Kelambu nyamukPentingnya masa subur dalam proses kehamilan merupakan salah satu faktor yang wajib wanita ketahui. Karena penentu yang utama dalam kehamilan adalah hubungan suami istri pada masa subur ini.

Pada masa subur sel telur yang telah matang siap untuk dibuahi. Artinya, begitu ada sperma yang masuk ke dalam liang vagina dan mencapai telur, maka akan terjadi fusi antara sel telur dan sperma sehingga terjadi kehamilan.

Namun sangat disayangkan belum semua wanita mengetahui masa subur mereka masing-masing. Sehingga adakalanya mereka melewatkan hubungan suami istri pada saat masa suburnya tiba, padahal sangat ingin mempunyai momongan setelah menikah. Di lain tempat mungkin ada yang ingin menunda punya anak, malah berhubungan saat masa subur dan terjadilah pembuahan yang menyebabkan hamil.

Menurut seorang dokter spesialis bahwa agar cepat punya momongan, untuk melakukan hubungan badan lebih tepat saat sebelum ovulasi tiba. Sehingga setiap wanita perlu mengetahui masa subur atau masa ovulasi mereka. Dan masa subur atau ovulasi berkaitan erat dengan siklus haid yang dialami seorang wanita.
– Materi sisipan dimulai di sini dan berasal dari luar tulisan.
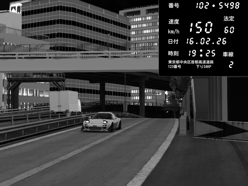 | 2026/02/16 19:36 | C1内回り 竹橋JCT | 168 / 60 km/h | Mazda RX-7 FD3S FEED Afflux GT3 | CAPTURE |
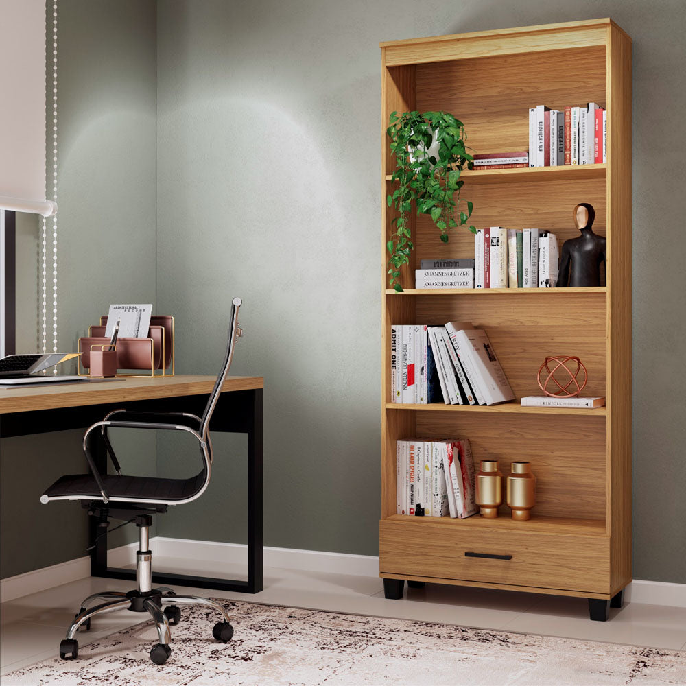 ESTANTE DECORATIVA PARA LIVROS COM 1 GAVETA 4 PRATELEIRAS FREIJO PRADEL

Umumnya, siklus menstruasi berkisar 28 hingga 32 hari. Beberapa wanita bahkan memiliki siklus yang lebih panjang ataupun lebih singkat, jadi waktu pasti dari ovulasi bisa bervariasi.

Dikutip dari situs kesehatan WebMD, untuk siklus umum 28 hari, siklus dimulai dari hari pertama keluarnya darah menstruasi. Selanjutnya, hari kedua hingga ke-14 ovarium mulai aktif mematangkan sel telur. Dan lapisan lendir di serviks mulai meluruh.

Di hari ke-14 adalah waktu sel telur yang sudah matang di keluarkan dari ovarium menuju tuba atau yang dikenal dengan istilah ovulasi. Namun waktunya bisa bervariasi antara hari ke-11 hingga ke-21, tergantung siklus menstruasinya.

Peristiwa tersebut dipicu oleh meningkatkannya kadar estrogen dalam tubuh yag mengaktifkan Luteinizing Hormon (LH) di otak. Saat tersebut biasanya suhu basal meningkat tipis sehingga sebetulnya suhu tubuh juga bisa jadi indikator terjadinya ovulasi.

“Biasanya temperatur tubuh meningkat sekitar setengah derajat Celcius,”

Setelah melepaskan sel telur, folikel dalam ovarium memproduksi progesteron yang menebalkan uterus, mempersiapkan implantasi, terjadi antara hari ke-15 hingga 22.

Implantasi merupakan tempat sel telur yang sudah dibuahi melekat, terjadi pada hari ke-23 atau 24. Jika terjadi kehamilan, saat ini merupakan saat yang tepat untuk pertama kali mendeteksi kehamilan karena hormon kehamilan sudah diproduksi.

Namun jika tidak terjadi kehamilan, di hari ke-25 hingga 28, kadar hormon mulai menurun dan lapisan uterus mulai meluruh menjadi menstruasi.

Ini artinya, pada wanita dengan siklus menstruasi 28 hari, ovulasi terjadi pada sekitar hari ke-14. Maka untuk cepat hamil, berhubungan seks di sekitar masa ini adalah yang terbaik. Namun bagi wanita yang memiliki siklus menstruasi lebih panjang, waktu dia mengalami ovulasi pun berbeda.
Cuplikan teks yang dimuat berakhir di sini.